Rozdział 4 - Nie wypaleni cz. 4 - Nasza grupa

733 49 7
                                    


27 lipca 1999r.

Syriusz leżał na łóżku z Perseuszem na piersi, zastanawiając się, gdzie wszyscy są. Remus nie dzwonił do niego od ich randki. James nie odbierał komórki. Petera też nie szło nigdzie znaleźć.

Syriusz chwycił telefon i ponownie wybrał numer Jamesa. Było południe. Dlaczego tak długo spał? Po czterech sygnałach James odebrał, brzmiąc na nieco zdyszanego:

- Halo?

- Wszystko gra? – zapytał Syriusz.

- Tak... uch... jasne. Jest świetnie – powiedział James, a Syriusz usłyszał cichy kobiecy chichot.

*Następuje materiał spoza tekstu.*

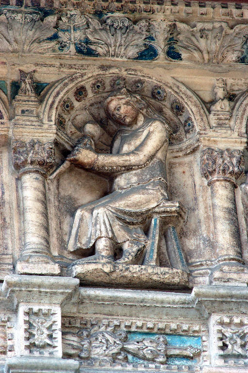 - NOTIZIE STORICO CRITICHE Il rilievo raffigura uno dei "Quattro Santi Coronati", protettori dei lapicidi; come tutte le sculture del fregio posto sull'attico, è stato riferito da Costantino Baroni ad Andreolo de' Bianchi, orafo e scultore noto per la elegante croce prcessionale ornata di formelle a sbalzo eseguita nel 1392 per il tesoro della Basilica, e rubata diversi anni fa; ma l'assenza di opere certe di riferimento, nel catalogo dell'artista, non consente di confermare l'ipotesi avanzata da Baroni; restano validi, di quella proposta, la datazione, attorno alla fine del XIV secolo, e l'ambito culturale in cui si muove l'anonimo autore del fregio, che è certamente lombardo, per la grazia cesellata dei sontuosi ornati collocati con minuta cura su tutta la superficie del rilievo (C. Baroni "La scultura gotica lombarda", Milano 1944, p. 130; Lomartire, 2009, p. 74).\nL'opera è stata restaurata tra il 1999 e il 2000 (Buonincontri, 2005, p. 248).
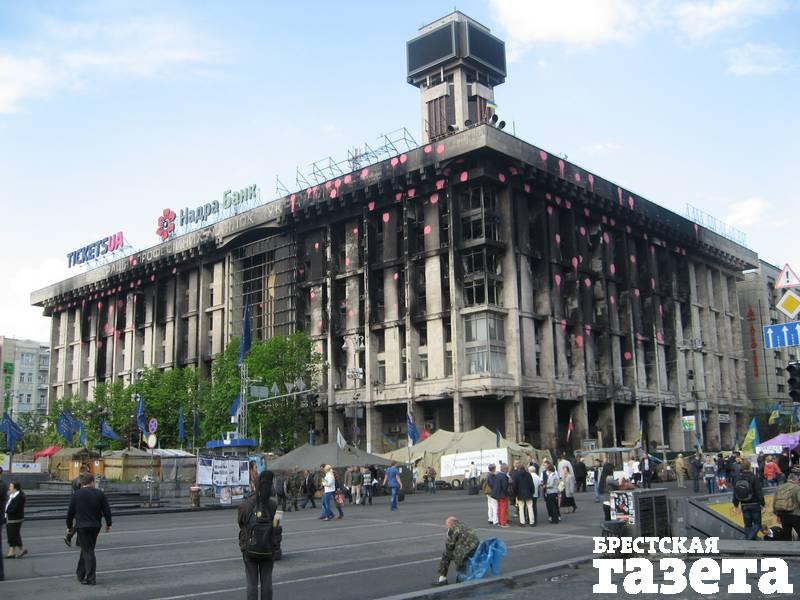 При выходе на поверхность сразу замечаешь закопченную громаду сожженного Дома профсоюзов, от которого до сих пор явственно пахнет гарью. Неподалеку от него — пустующая сцена с растяжками «Христос воскрес!» и «Воскресает Украина!».
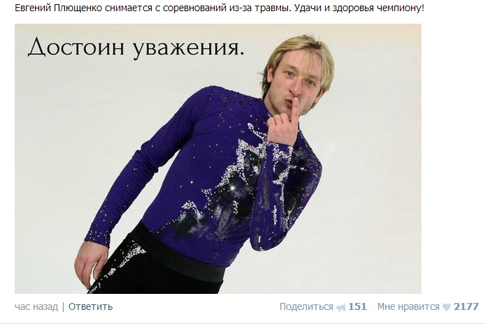 Уходящий олимпийский день, возможно, станет самым противоречивым для российской сборной. Огорчил Евгений Плющенко, который буквально за несколько минут до начала выступления с короткой программой снялся с соревнований. Дали о себе знать серьезные проблемы со спиной. В социальных сетях уже появились демотиваторы об этом печальном событии. Болельщики Плющенко оправдали.
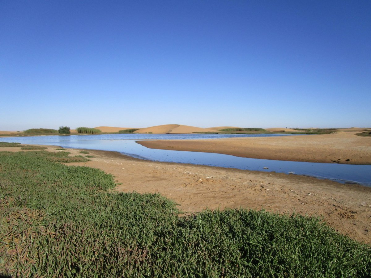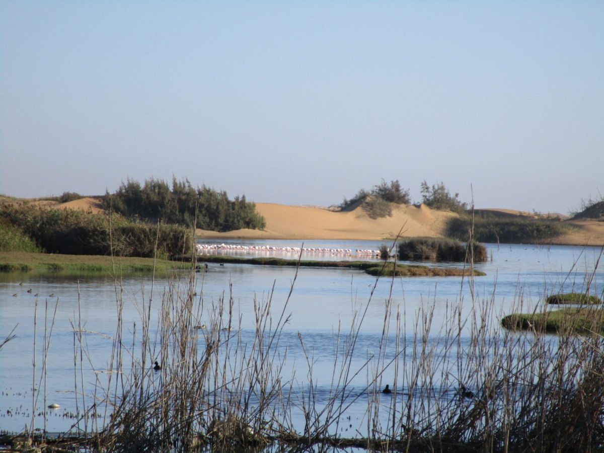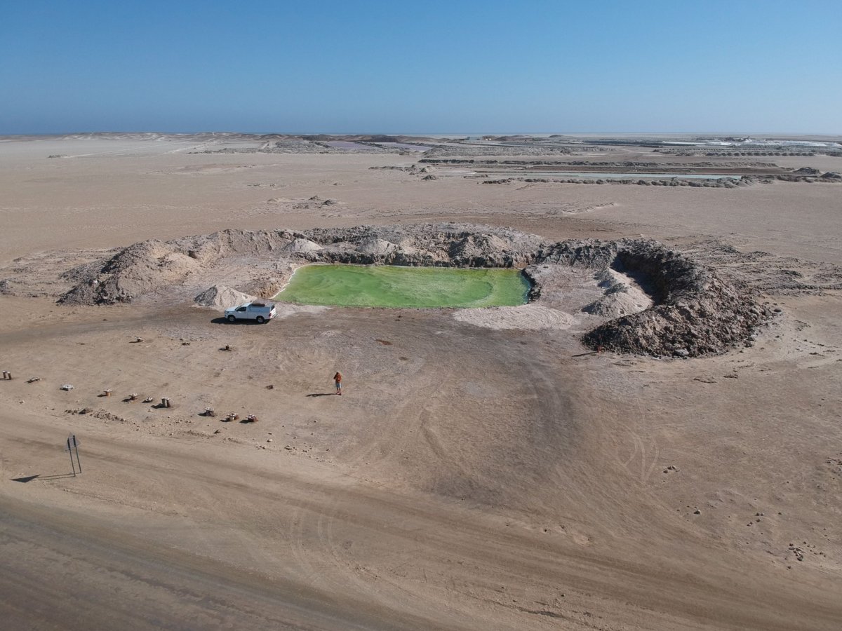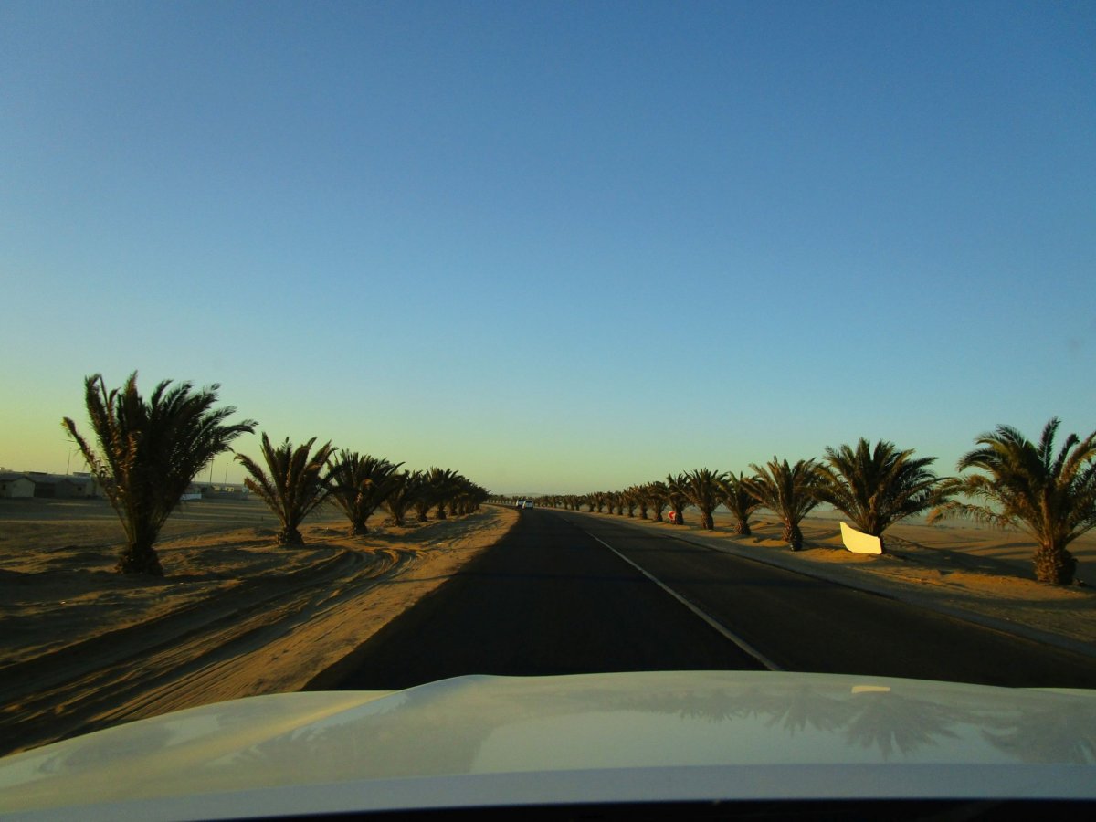 Po poměrně dlouhé cestě zvuk příchozí zprávy z Messengeru dává najevo, že se již blížíme k civilizaci, konkrétně ke městu Walvis Bay. Po levé straně vidíme nějaké rybníčky a hlouček lidí kolem jednoho auta. Rozhodujeme se zajet k rybníčku a obhlédnout situaci. Zapadlé auto, které na první pohled vypadá stejně, jako naše, ale není to 4x4. Hlouček asiatů okolo se snaží pomoci, později zjišťujeme, že jsou v okolí jen náhodou, ve skutečnosti se jedná o dva španělské turisty. Po chvíli přemýšlení se nám i včetně přihlížejících asijských turistů daří je vytáhnout ven. Poté si uděláme krátkou procházku okolo zajímavých rybníčků, v dálce jsou vidět plameňáci. Kdybychom měli víc času a energie, určitě by stálo za to se jít podívat k nim blíže. Dalekohled by se zde určitě také hodil.

Och boże, pomyślał Syriusz. James i Lily się bzykali.

- Twoja randka poszła chyba całkiem dobrze – powiedział sarkastycznie Syriusz.

- Chyba tak.

- Cóż, chciałem tylko się dowiedzieć, jak się masz.

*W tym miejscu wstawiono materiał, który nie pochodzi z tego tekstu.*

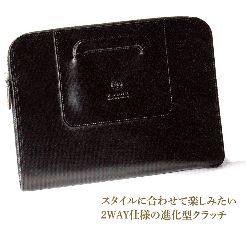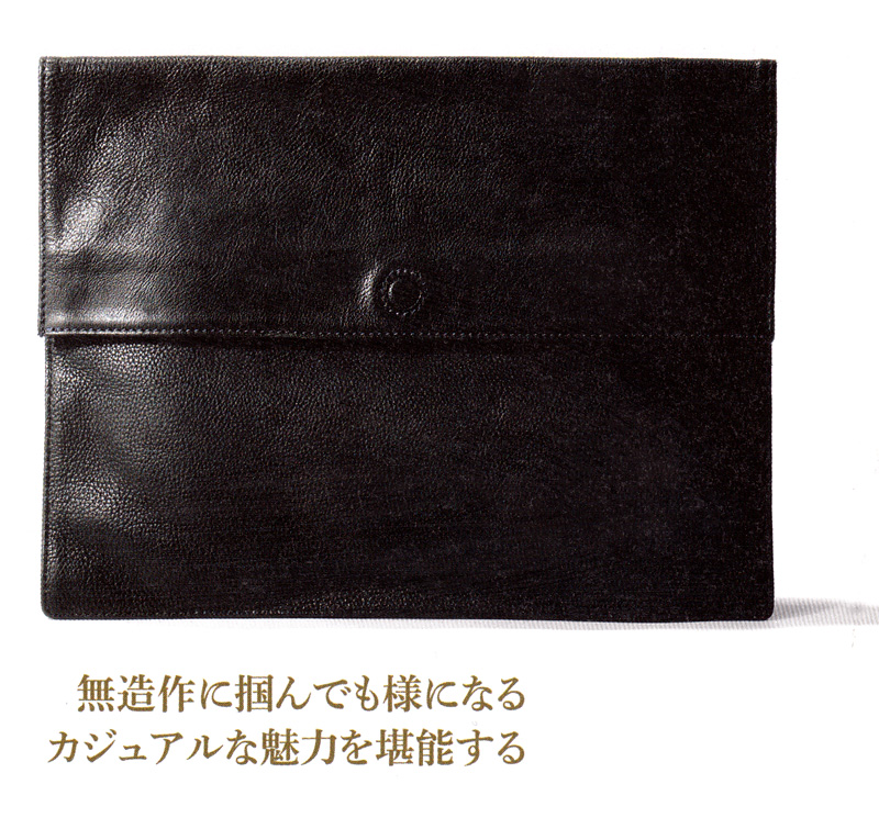 一見普通のクラッチに見えるが、伸縮可能な持ち手によってブリーフとしても使える変り種。ギミックを用いながら品の良さを損なわないのは、素材とデザインの質の高さの賜物に他ならない。
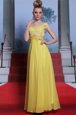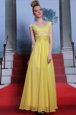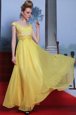 Custom Designed Pleated Floor Length Yellow Scalloped Short Sleeves Side Zipper
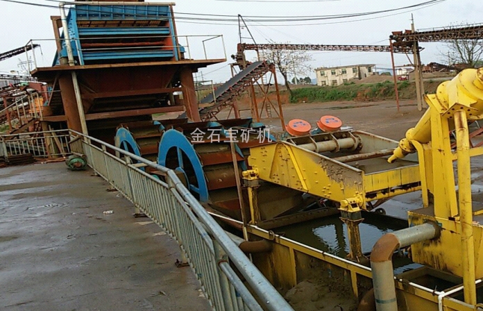 洗砂机工作时,电机通过三角带、减速机、齿轮减速后带动叶轮缓慢转动,砂石有给料槽进入洗槽中,在叶轮的带动下翻滚,并互相研磨,除去覆盖砂石表面的杂质,同时破坏包覆砂粒的水汽层,以利于脱水;同时加水,形成强大水流,及时将杂质及比重小的异物带走,并从溢出口洗槽排出,完成清洗作用。干净的砂石由叶片带走,砂石从旋转的叶轮倒入出料槽,完成砂石的清洗作用。
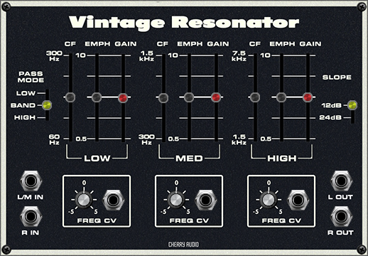 Vintage Resonatorは、クラシックなMoog Polymoogシンセサイザーの「Resonator」セクションを精細にモデル化しています。もともとはパラメトリックEQオンステロイドのようなものとして説明されていたレゾネーターセクションは、並列構成の3つの状態変数フィルターで構成され、それぞれが周波数スペクトルのチャンク(低/中/高)で動作します。
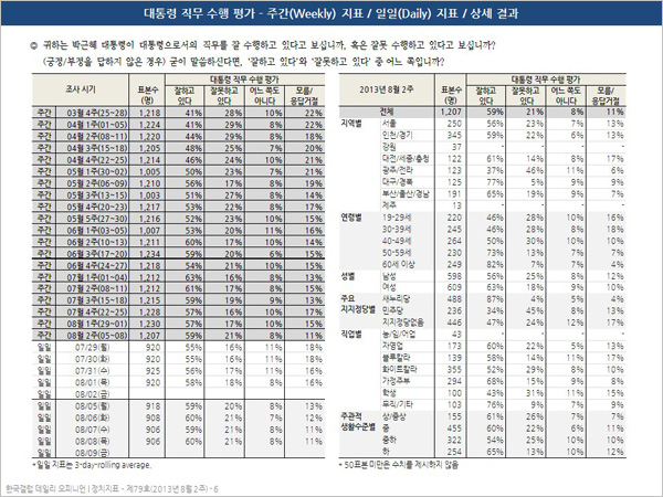 Çѱ¹°¶·´ÀÌ 8¿ù 2ÁÖ(8/5~8) Àü±¹ ¼ºÀÎ 1,207¸í¿¡°Ô ¹Ú±ÙÇý ´ëÅë·ÉÀÌ ´ëÅë·ÉÀ¸·Î¼ÀÇ Á÷¹«¸¦ Àß ¼öÇàÇϰí ÀÖ´Ù°í º¸´ÂÁö, À߸ø ¼öÇàÇϰí ÀÖ´Ù°í º¸´ÂÁö Áú¹®ÇÑ °á°ú, 59%´Â ±àÁ¤ Æò°¡Çß°í 21%´Â ºÎÁ¤ Æò°¡ÇßÀ¸¸ç 19%´Â ÀǰßÀ» À¯º¸Çß´Ù(¾î´À Âʵµ ¾Æ´Ô 8%, ¸ð¸§/ÀÀ´ä°ÅÀý 11%).
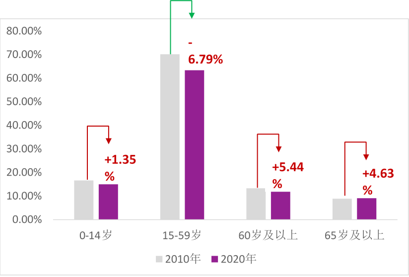 圖:我國(guó)人口普查年齡結(jié)構(gòu)分布對(duì)比
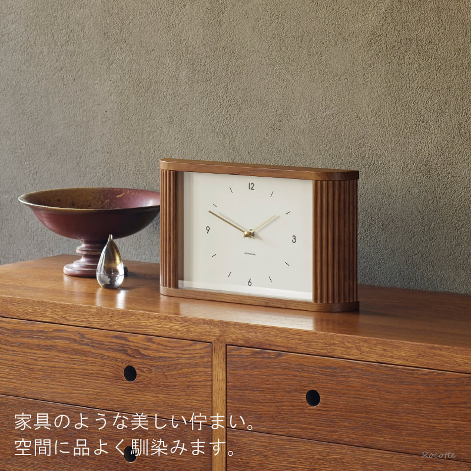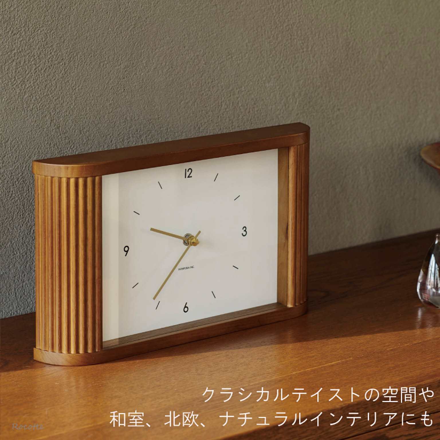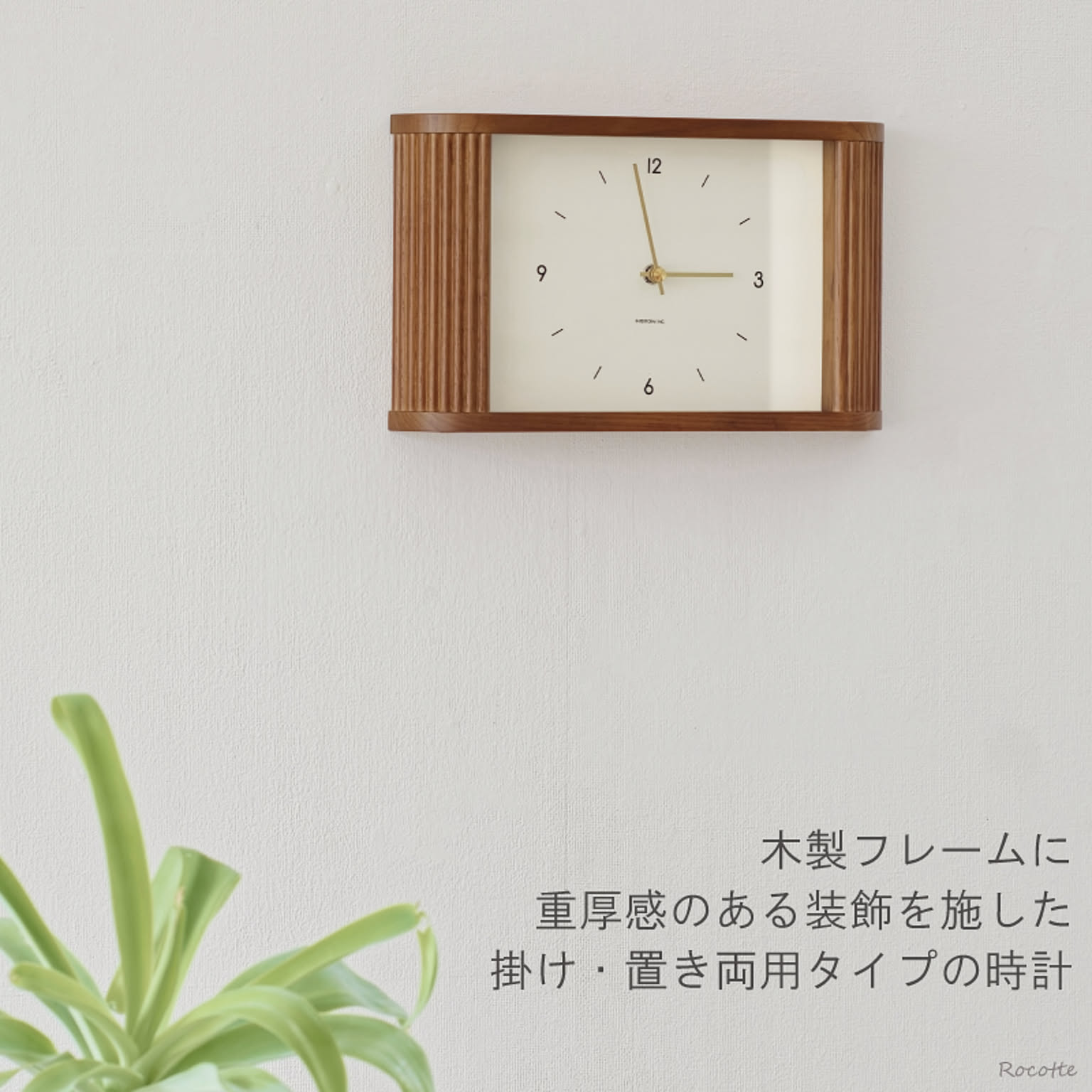 木をふんだんに使用し、重厚感のある装飾を施した時計。

- Dobrze. A ty? – odpowiedział James, ale brzmiał na rozproszonego.

Syriusz westchnął.

- Dobrze. Dam ci spokój. Baw się dobrze – powiedział Syriusz, po czym rozłączył się.

Syriusz natychmiast wybrał numer Remusa, ale nie nacisnął zielonej słuchawki. Postanowił, że poczeka, aż Remus do niego zadzwoni. Nie chciał wyglądać na zdesperowanego albo spragnionego miłości, choć naprawdę, ale to naprawdę chciał tylko znów spędzić z nim trochę czasu sam na sam. Ale Remus nie zadzwonił i Syriusz zaczął się zastanawiać, czy Remus zwyczajnie nie był zainteresowany. Tak trudno było powiedzieć, co mu chodzi po głowie.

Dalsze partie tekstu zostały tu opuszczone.